ALTER PIPE DEV_LZ.TPCH_ORDERS_SYS.stg_orders_pp REFRESH;

-- LZ: Simulating Customer System Data -----------------------------------------
USE SCHEMA TPCH_CUSTOMER_SYS;

CREATE OR REPLACE PIPE stg_customer_pp 
--AUTO_INGEST = TRUE
--aws_sns_topic = 'arn:aws:sns:mybucketdetails'
AS 
COPY INTO stg_customer
FROM 
(
SELECT $1
     , metadata$filename
     , metadata$file_row_number
     , CURRENT_TIMESTAMP()
     , 'Customer System'
  FROM @customer_data
);

ALTER PIPE DEV_LZ.TPCH_CUSTOMER_SYS.stg_customer_pp REFRESH;

Once this done, we should see data is appearing in the target tables and the stream on these tables. As we'd expect, the number of rows in the streams are the same as in the tables. That's because we haven't yet consumed the content of the streams, and the tables had zero rows when we created the streams. Stay tuned!

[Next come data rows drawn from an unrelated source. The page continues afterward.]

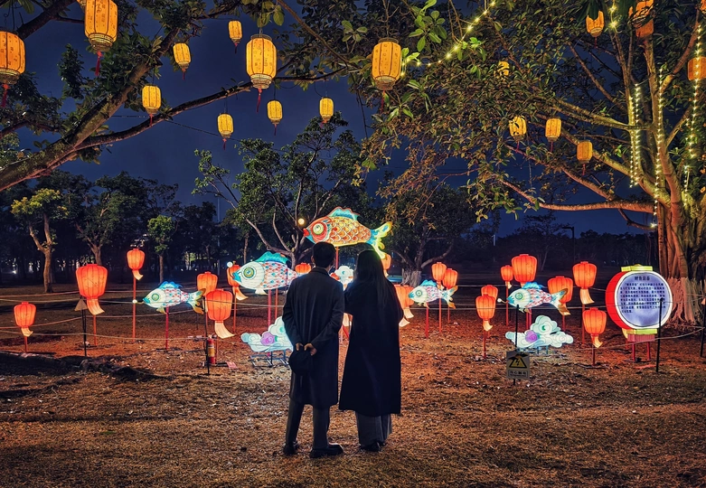 元宵节将至,神舟花灯亮起,遇到一对在观赏鱼灯的情侣,在光的氛围下,就像一群鱼儿从眼前游过!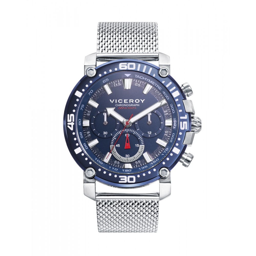 Fantástico reloj de hombre Viceroy Heat cronógrafo. Presenta un diseño sofisticado con caja y malla milanesa en acero. El bisel y la esfera en color azul añaden un toque de elegancia, mientras que la aguja indicadora de las 6h en color rojo proporciona un contraste vibrante y distintivo. Perfecto para el hombre que busca un accesorio funcional y estilizado.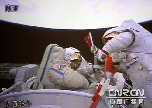 航天員翟志剛右手舉起小國旗。(中廣網(wǎng)記者南光 曹囡囡攝)
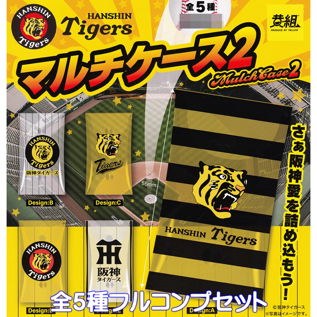 阪神タイガース マルチケース2 イエロー 【全5種フルコンプセット】 HANSHIN Tigers グッズ 小物入れ ガチャガチャ カプセルトイ【即納 在庫品】【数量限定】【フルコンプリート】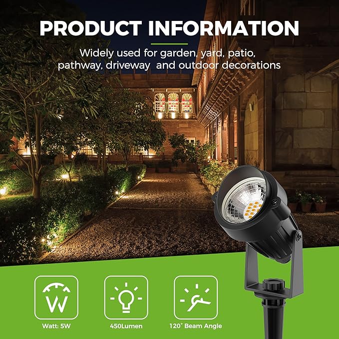 • Auto On/Off Landscape Lighting: Built-in sensitive dusk to dawn sensor, the outdoor landscape lights automatically turn on at night and turn off during the day. 450LM 5W led spotlight add brilliance to the appearance of your home and save money.(!!!Note: Because the light sensor is in the head of the lamp, the orientation of the head will affect its sensing of brightness, and it will go out when it senses that the surroundings are bright enough.)

-- DV: Inspecting Streams ------------------------------------------------------
USE ROLE SALESMKT_ENGINEER;
USE WAREHOUSE ENGINEERING_WH;

SELECT 'DEV_LZ.TPCH_CUSTOMER_SYS.stg_customer', count(1) FROM DEV_LZ.TPCH_CUSTOMER_SYS.stg_customer
UNION ALL
SELECT 'DEV_DV.SALESMKT.stg_customer_strm', count(1) FROM DEV_DV.SALESMKT.stg_customer_strm
;

USE ROLE CUSTSERV_ENGINEER;

SELECT 'DEV_LZ.TPCH_ORDERS_SYS.stg_orders', count(1) FROM DEV_LZ.TPCH_ORDERS_SYS.stg_orders
UNION ALL
SELECT 'DEV_DV.CUSTSERV.stg_orders_strm', count(1) FROM DEV_DV.CUSTSERV.stg_orders_strm
;
Matching Row Counts

Step 5: DV - Preparing to Load the Raw Vault

Finally, now that we established the basics and new data is logged in the stream, let's see how we can derive some of the business keys for the Data Vault entities we'll model. In this example, we'll model it as a view on top of the stream that should allow us to perform data parsing (raw_json -> columns) and business_key, hash_diff derivation on the fly.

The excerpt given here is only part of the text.